En 2011, les éleveurs rejoignent le cercle des professionnels pénalisés, quand un arrêté instaure des contrôles sur les bovins. Les carcasses, testées à l’abattoir, sont saisies en cas de contamination au chlordécone, « et les cas sont nombreux », signale Philippe Rotin, l’un des administrateurs de l’Union des producteurs agricoles de la Guadeloupe (UPG, affiliée à la Confédération paysanne). « Pour autant, les mesures de soutien, accessibles sous condition, n’ont bénéficié qu’à très peu d’agriculteurs alors qu’ils ignorent souvent que leurs pâturages ont été pollués. » Les volontaires peuvent être accompagnés s’ils optent pour une reconversion. En Guadeloupe, une centaine de demandes ont été déposées, mais « aucune n’a abouti à notre connaissance, indique Philippe Rotin.
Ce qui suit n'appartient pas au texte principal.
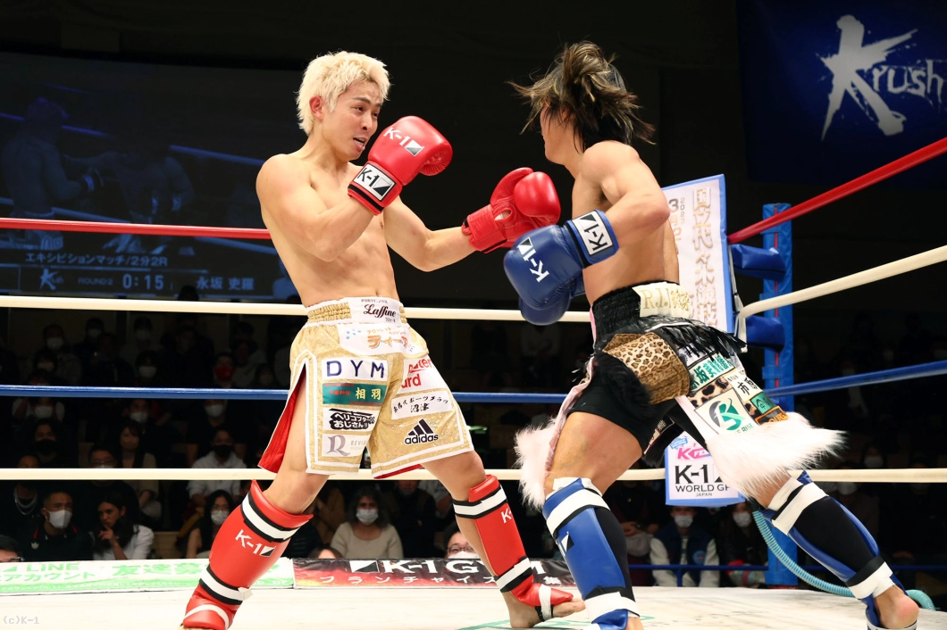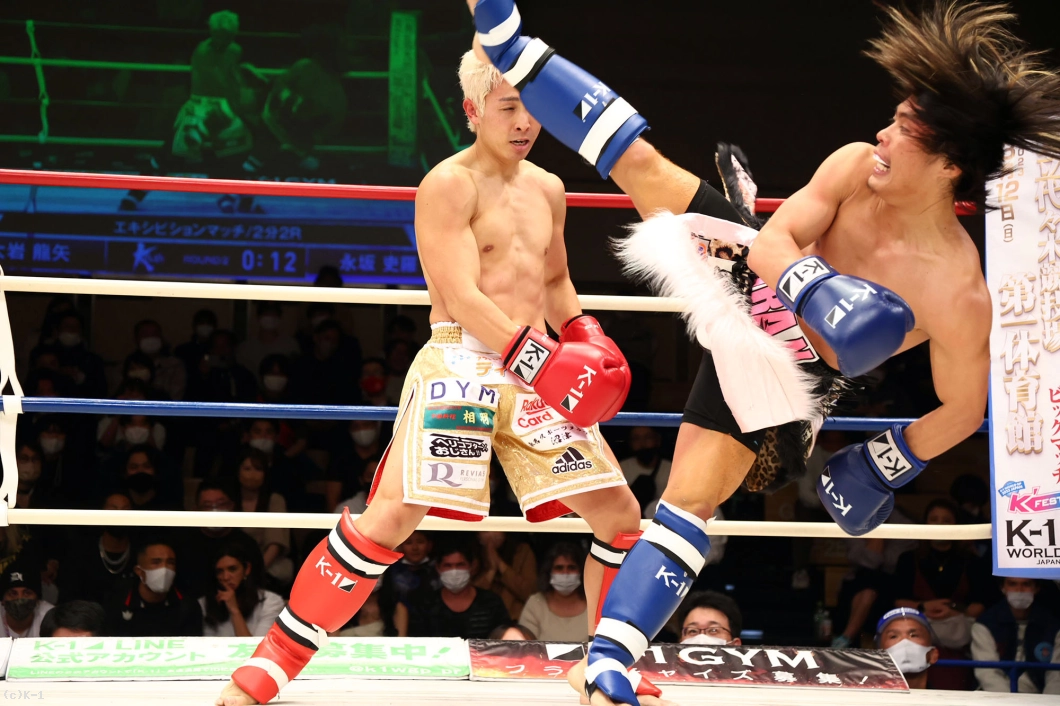 2R、永坂は重心を落とし左右フックを連打。さらにテコンドー式の旋回しての蹴りも連続で見せる。大岩は鉄槌を振るって反撃し、最後は永坂とパンチの打ち合いを繰り広げてエキシビションを終える。

Et puis se relancer n’a rien d’évident quand on a planté de l’igname pendant vingt ans… » La pêche maritime est l’ultime secteur d’activité antillais touché par la vague des arrêtés « chlordécone ». De proche en proche, la molécule a fini par contaminer la chaîne alimentaire marine. En Martinique, la pêche à la langouste est interdite sur presque toute la côte orientale depuis décembre dernier. « La moitié des mille pêcheurs est touchée, et une centaine d’entre eux sont totalement bloqués, dans l’incapacité de se déplacer vers des zones autorisées », relève Olivier Marie-Reine, président du Comité régional de pêches maritimes et des élevages marins de Martinique (CRPMEM). En décembre dernier, les artisans ont bloqué le port de Fort-de-France pendant quinze jours. Même plainte en Guadeloupe. « Pour travailler, il faut se rendre jusqu’aux îles des Saintes ou de Marie-Galante, à condition d’avoir un moteur adapté, témoigne Jean-Pierre Maurice, pêcheur à Sainte-Marie. Les conflits se multiplient avec les bateaux locaux, et on dépense trois fois plus de fioul… »

Une indemnité, qui pourra atteindre 15 000 euros par personne, a été sollicitée par 142 marins-pêcheurs guadeloupéens. Avant même l’examen des dossiers, elle est déjà en partie évaporée en raison du préjudice accumulé. L’offre magique de la reconversion leur a également été proposée. Mais il leur faudrait aligner 25 % des coûts. « Moi, je veux être pilote de ligne !, s’esclaffe Rémi Borgia, qui s’autorise la dérision. En fait, à 54 ans, je mise sur une retraite anticipée. Quand on sait que même les super-diplômés pointent au chômage… » Le problème, ce sont les jeunes, souffle Luc Bergopson désignant son fils. « Il étudie le métier, mais je le pousse vers la marine marchande. Je ne le vois pas prendre ma relève. Nous sommes la dernière génération de pêcheurs côtiers. »

[^2]: Études Karuprostate (2010) et Ti-Moun (2012).